GOAL OF THE EXERCISE
Output all of the lines below exactly, and leave out each image.

SOURCE DATA
BEGIN

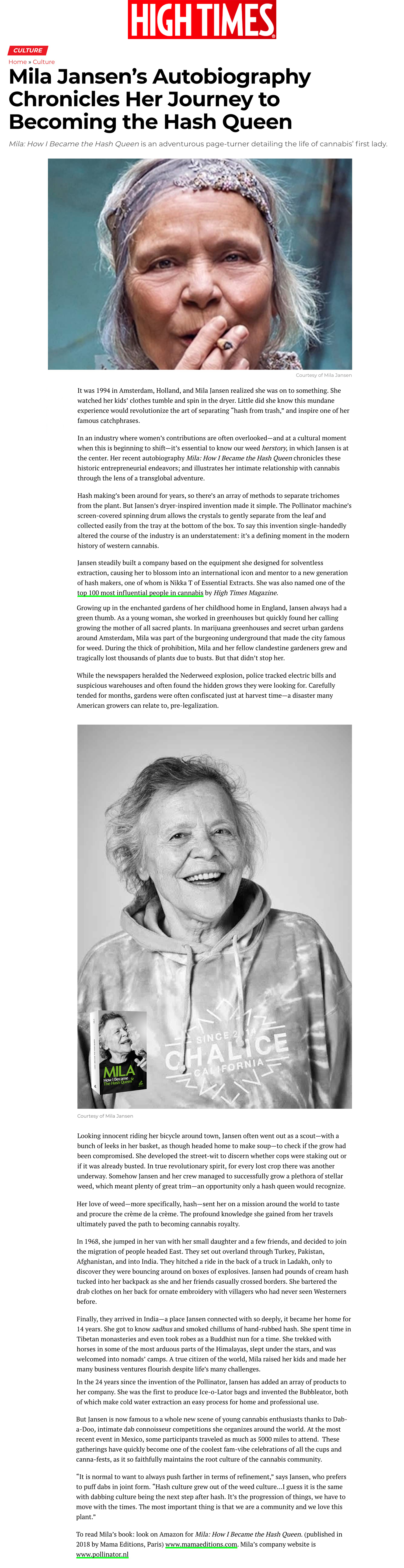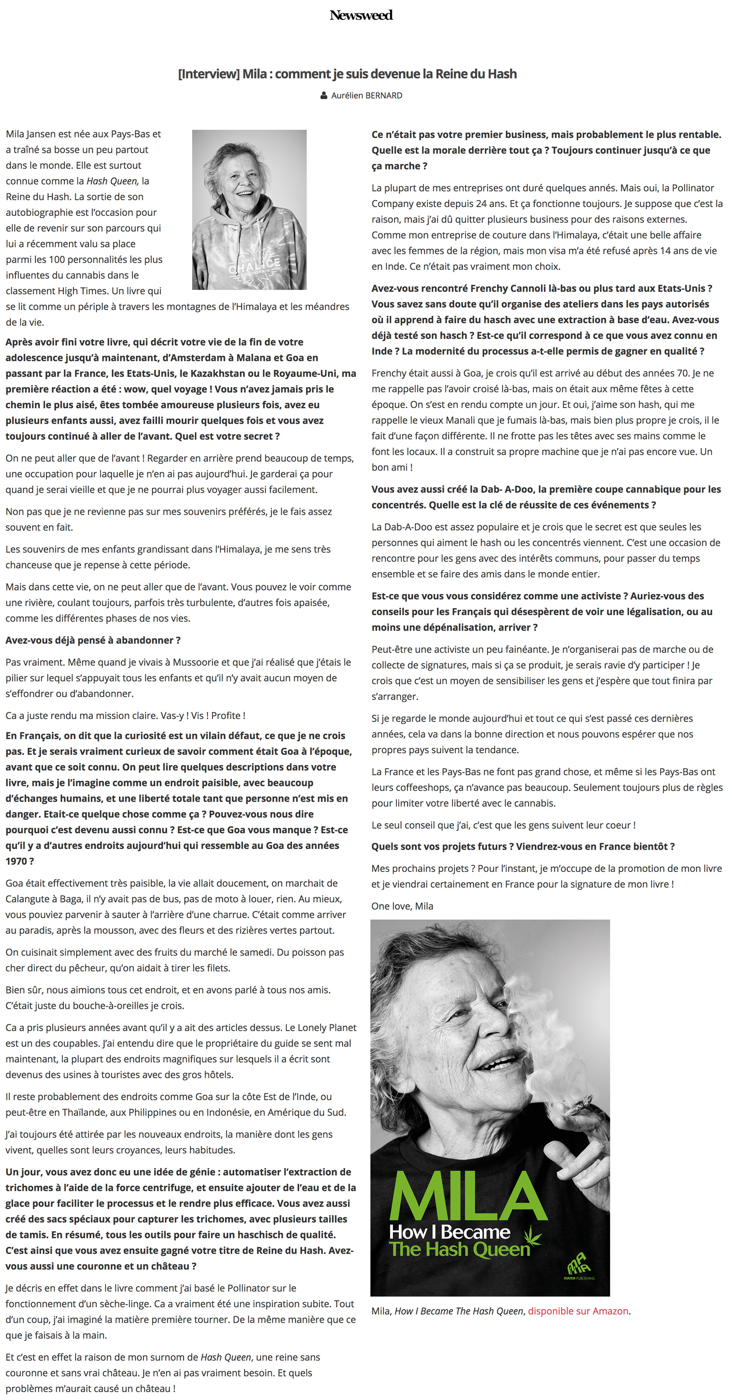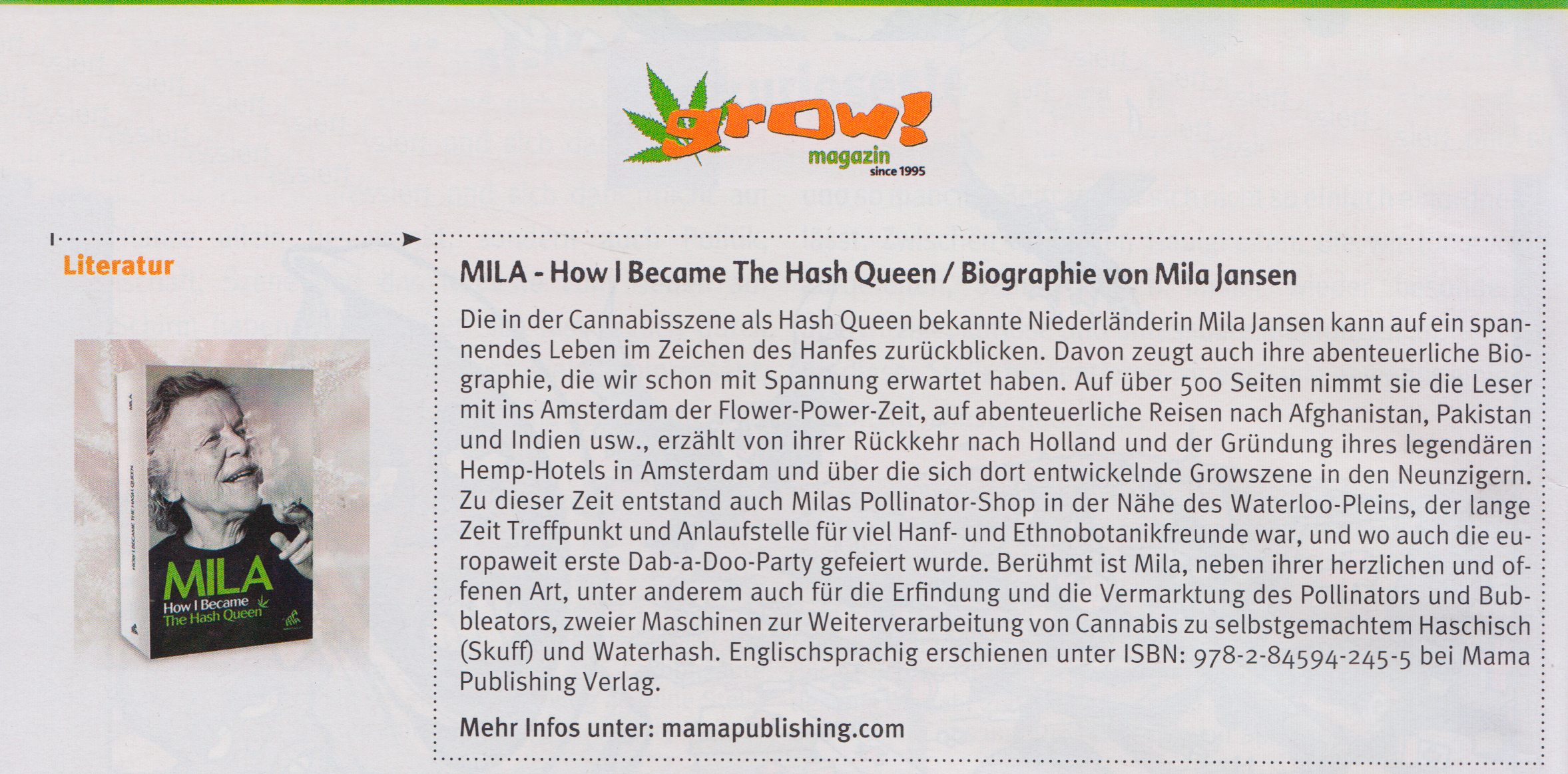 Die bewegte Biografie von Mila, der [Queen of Hash], ist hoch interessant zu lesen.
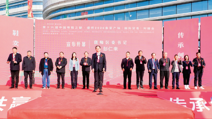 11月26—28日,第十六届中国布鞋之都·偃师2026春夏产销国际贸易对接会在洛阳偃师循环经济示范产业园举办。430家鞋业单位、36家鞋机鞋材展商携新产品、新技术亮相,搭建起高效对接平台,展现了“中国布鞋之都”的行业凝聚力。偃师区委书记彭仁来宣布开幕。
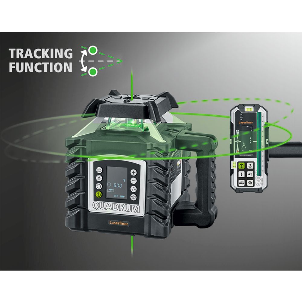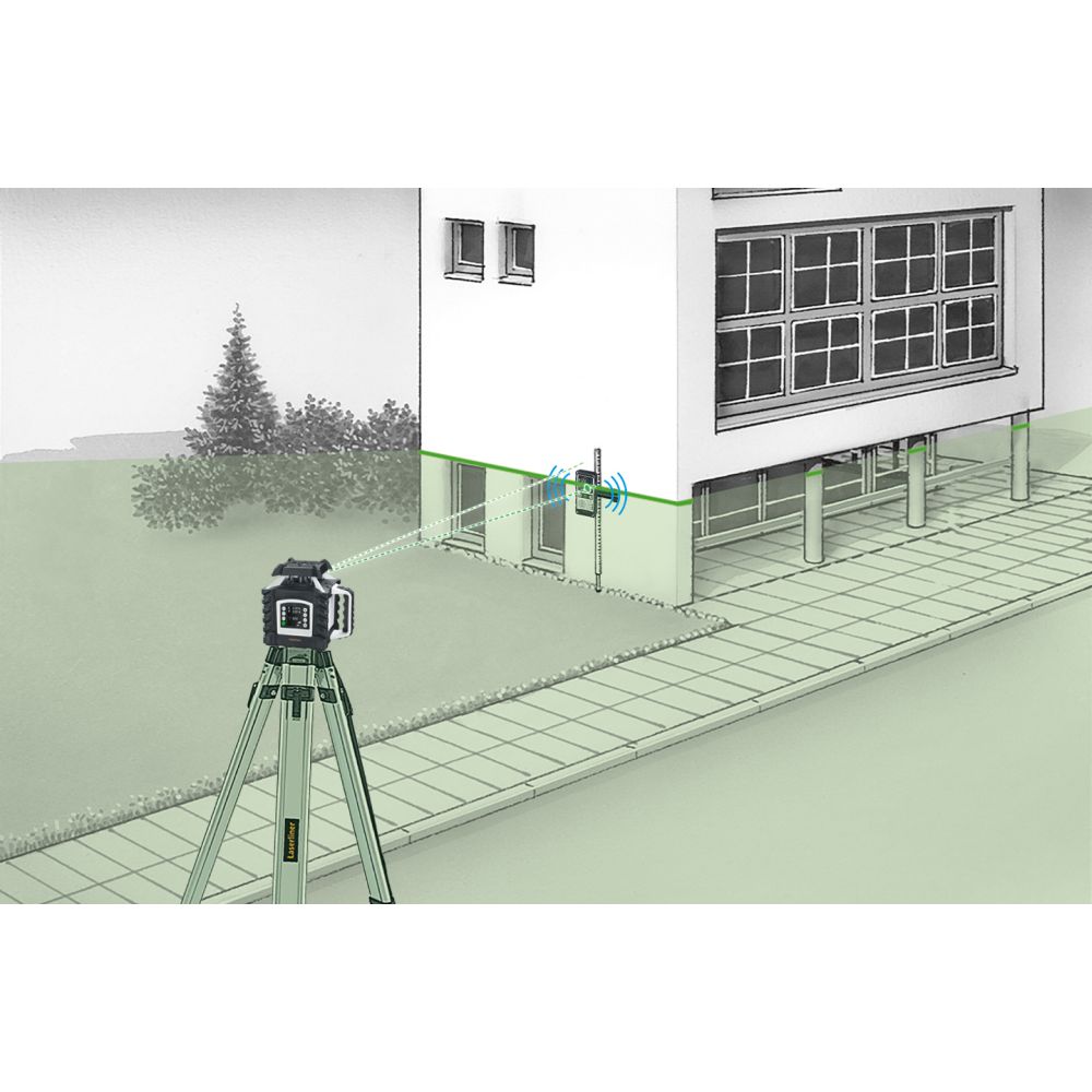 Description: This fully automatic rotary laser with green laser technology is perfect for precise alignment work in the horizontal and vertical planes. For gradient work, the horizontal plane can be digitally tilted in the X and Y directions. The tilt of the X and Y axes is displayed precisely as a percentage on both the laser and remote-control displays. Gradients of up to 6° are implemented automatically via the motorised Tilt function; steeper gradients can be set manually or with an optional angle plate. In the Tracking function, the rotary laser aligns itself to the millimetre receiver. For this purpose, the receiver controls the laser beam to the zero position automatically via radio transmission. Using the Tracking function, a vertical plane can be aligned, for example when setting out a room divider. The Tracking function also makes horizontal levelling easier, quicker and more precise in many applications, for example on terrace and exterior work or when preparing foundations. This is particularly helpful in projects that require high precision and efficiency. The AntiShake function allows a fast set-up on vibrating surfaces and in windy conditions, a decisive advantage for reliable results under demanding site conditions.
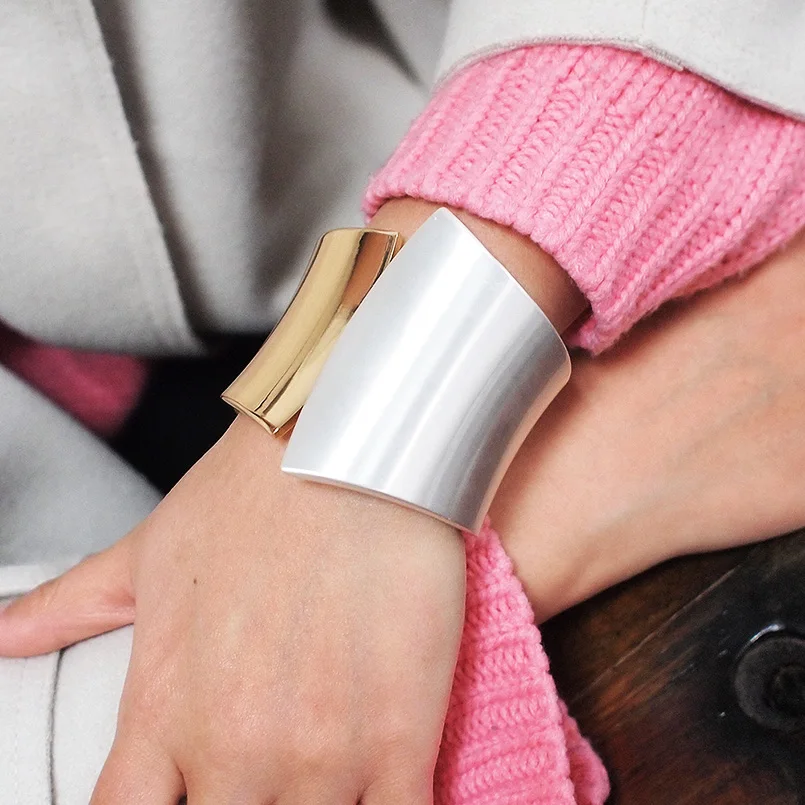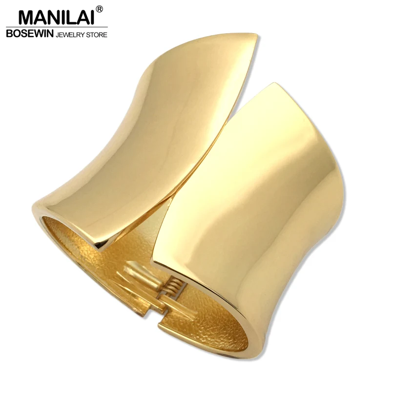 Buy MANILAI Classic Punk Shiny Surface Alloy Statement Cuff Bangles Bracelets For Women Fashion Jewelry

END

RESPONSE BOX
 Die bewegte Biografie von Mila, der [Queen of Hash], ist hoch interessant zu lesen.
 11月26—28日,第十六届中国布鞋之都·偃师2026春夏产销国际贸易对接会在洛阳偃师循环经济示范产业园举办。430家鞋业单位、36家鞋机鞋材展商携新产品、新技术亮相,搭建起高效对接平台,展现了“中国布鞋之都”的行业凝聚力。偃师区委书记彭仁来宣布开幕。
 Description: This fully automatic rotary laser with green laser technology is perfect for precise alignment work in the horizontal and vertical planes. For gradient work, the horizontal plane can be digitally tilted in the X and Y directions. The tilt of the X and Y axes is displayed precisely as a percentage on both the laser and remote-control displays. Gradients of up to 6° are implemented automatically via the motorised Tilt function; steeper gradients can be set manually or with an optional angle plate. In the Tracking function, the rotary laser aligns itself to the millimetre receiver. For this purpose, the receiver controls the laser beam to the zero position automatically via radio transmission. Using the Tracking function, a vertical plane can be aligned, for example when setting out a room divider. The Tracking function also makes horizontal levelling easier, quicker and more precise in many applications, for example on terrace and exterior work or when preparing foundations. This is particularly helpful in projects that require high precision and efficiency. The AntiShake function allows a fast set-up on vibrating surfaces and in windy conditions, a decisive advantage for reliable results under demanding site conditions.
 Buy MANILAI Classic Punk Shiny Surface Alloy Statement Cuff Bangles Bracelets For Women Fashion Jewelry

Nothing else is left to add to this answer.